Albert Einstein, along with other Jewish luminaries, including Hannah Arendt, published a letter in the New York Times on December 4, 1948. That was only a few months after Israel had declared its independence and as hundreds of Palestinian villages were being actively demolished after their inhabitants were expelled.
The letter denounced Israel's newly-founded Herut party and its young leader, Menachem Begin.
Herut was carved out of the Irgun terrorist gang, famous for its many massacres against Palestinian Arab communities leading up to the Nakba, the catastrophic ethnic cleansing of the Palestinian people from their historic homeland in 1947-48.
In the letter, Einstein, and others described Herut (Freedom) party as a "political party closely akin in its organization, methods, political philosophy and social appeal to Nazi and Fascist parties."
For a letter of this nature to appear a mere few years after the end of World War II and the devastation of the Holocaust is a profound indication of the clear chasm that existed among Jewish intellectuals at the time: the Zionists who supported Israel and its violent birth, and those who took the high moral ground and objected to it.
Sadly, the latter group -- although still in existence -- had lost the battle.
Herut later merged with other groups to form the Likud Party. Begin received the Nobel Peace Prize and the Likud is now the leading party in Israel's most right-wing government coalition. The "Nazi and Fascist"-like philosophy of Herut has prevailed, and it now engulfs and defines mainstream society in Israel.
This right-wing tendency is even more pronounced among young Israelis than previous generations.
Prime Minister Benjamin Netanyahu is the leader of Begin's party, the Likud.
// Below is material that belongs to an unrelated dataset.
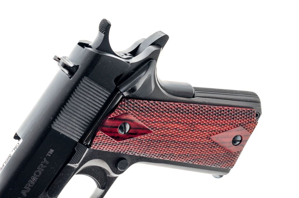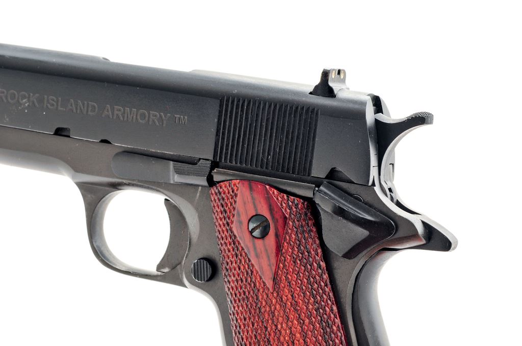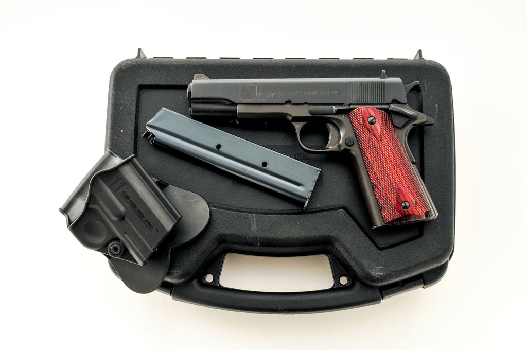 Rock Island Armory Model 1911-A1 FS Semi-Automatic Pistol, #RIA1319433, .38 Super cal., 5'' barrel, parkerized frame, matte blue slide, checkered double diamond wood grips, with standard fixed sights, including red dot front sight and white two-dot rear sight. Included with this pistol is one standard magazine, one high-capacity magazine that appears to be 15-rounds, original plastic case with matching end label, and Springfield Armory ''11 Gear'' paddle holster. Condition is near excellent with approx. 98%+ remaining factory finishes, showing normal small handling marks and surface scuffs to the metal. Right grip with a small amount of flaking to the finish on the bottom edge; checkering on both grips is sharp. Action and bore are both excellent. Est: $300-$400. (Modern/PPT) (High cap mags not available to Calif. residents.)

His current coalition includes Russian-born Defense Minister, Avigdor Lieberman, founder of the ultra-nationalist party, Yisrael Beiteinu.
In response to ongoing popular protests by besieged Palestinians in Gaza, and in justification of the high number of deaths and injuries inflicted on the unarmed protesters by the Israeli army, Lieberman argued that "there are no innocent people in Gaza."
When the Defense Minister of a country espouses this kind of belief, one can hardly be shocked that Israeli snipers are shooting Palestinian youngsters, while cheering on camera as they hit their target.